Authors: Kristóf Bérczi, Naonori Kakimura, and Yusuke Kobayashi

Published in: LIPIcs, Volume 181, 31st International Symposium on Algorithms and Computation (ISAAC 2020)

Abstract
In this paper, we study the problem of maximizing social welfare in combinatorial markets through pricing schemes. We consider the existence of prices that are capable to achieve optimal social welfare without a central tie-breaking coordinator. In the case of two buyers with matroid rank valuations, we give polynomial-time algorithms that always find such prices when one of the matroids is a simple partition matroid or both matroids are strongly base orderable.

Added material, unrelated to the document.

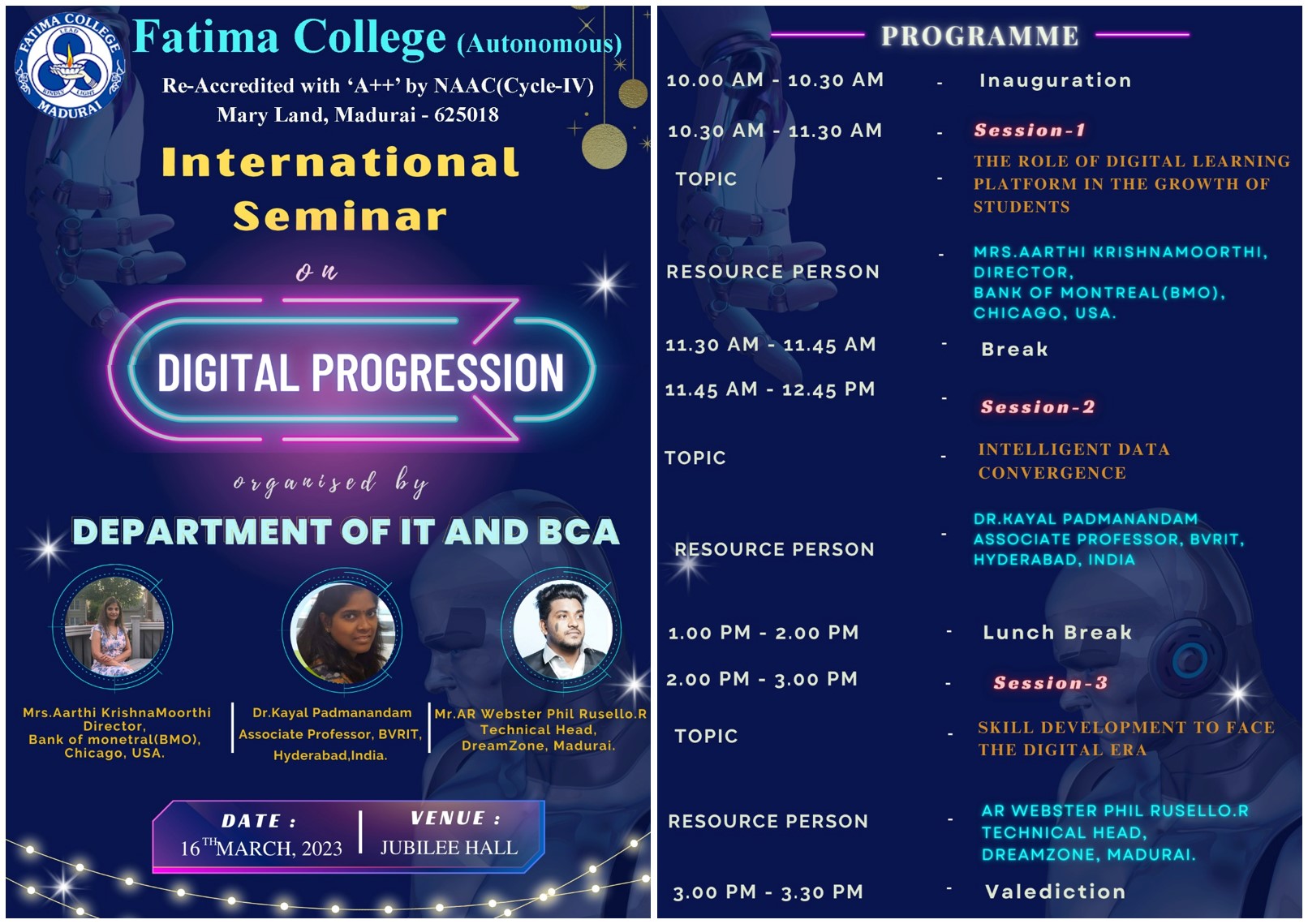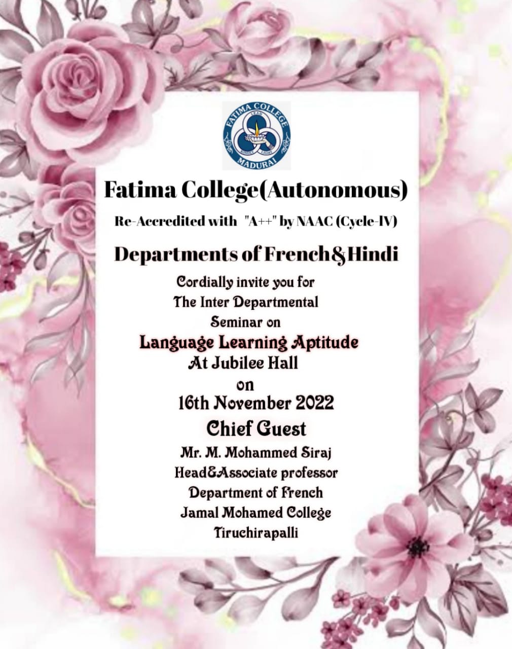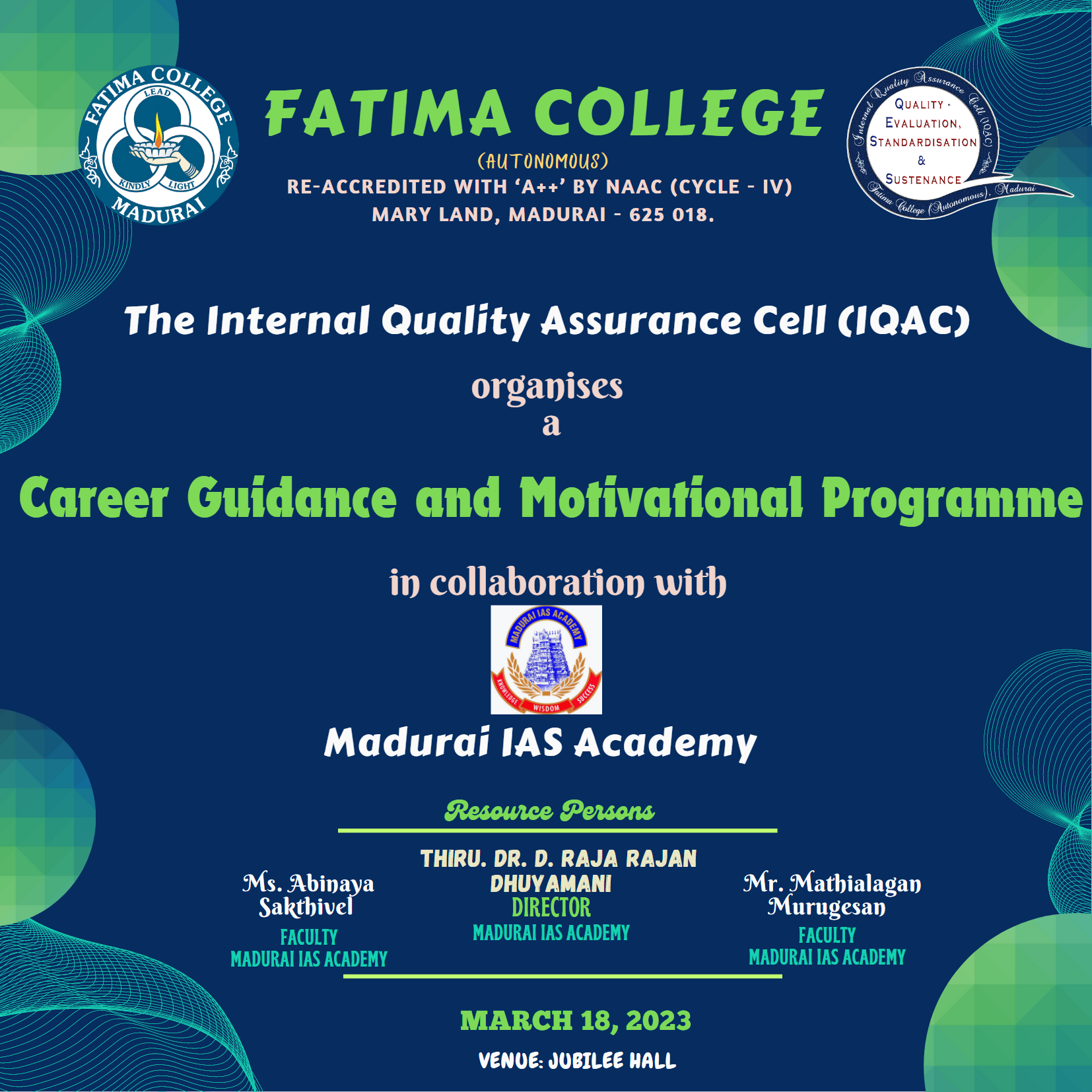 | Invitation: Fatima College Alumnae Association (FCAA) organized an “Annual Alumnae Meet 2023” on June 24, 2023. Click here to Register… |

This result partially answers a question raised by Düetting and Végh in 2017. We further formalize a weighted variant of the conjecture of Düetting and Végh, and show that the weighted variant can be reduced to the unweighted one based on the weight-splitting theorem for weighted matroid intersection by Frank. We also show that a similar reduction technique works for M^♮-concave functions, or equivalently, for gross substitutes functions.
Cite as

Kristóf Bérczi, Naonori Kakimura, and Yusuke Kobayashi. Market Pricing for Matroid Rank Valuations. In 31st International Symposium on Algorithms and Computation (ISAAC 2020). Leibniz International Proceedings in Informatics (LIPIcs), Volume 181, pp. 39:1-39:15, Schloss Dagstuhl – Leibniz-Zentrum für Informatik (2020)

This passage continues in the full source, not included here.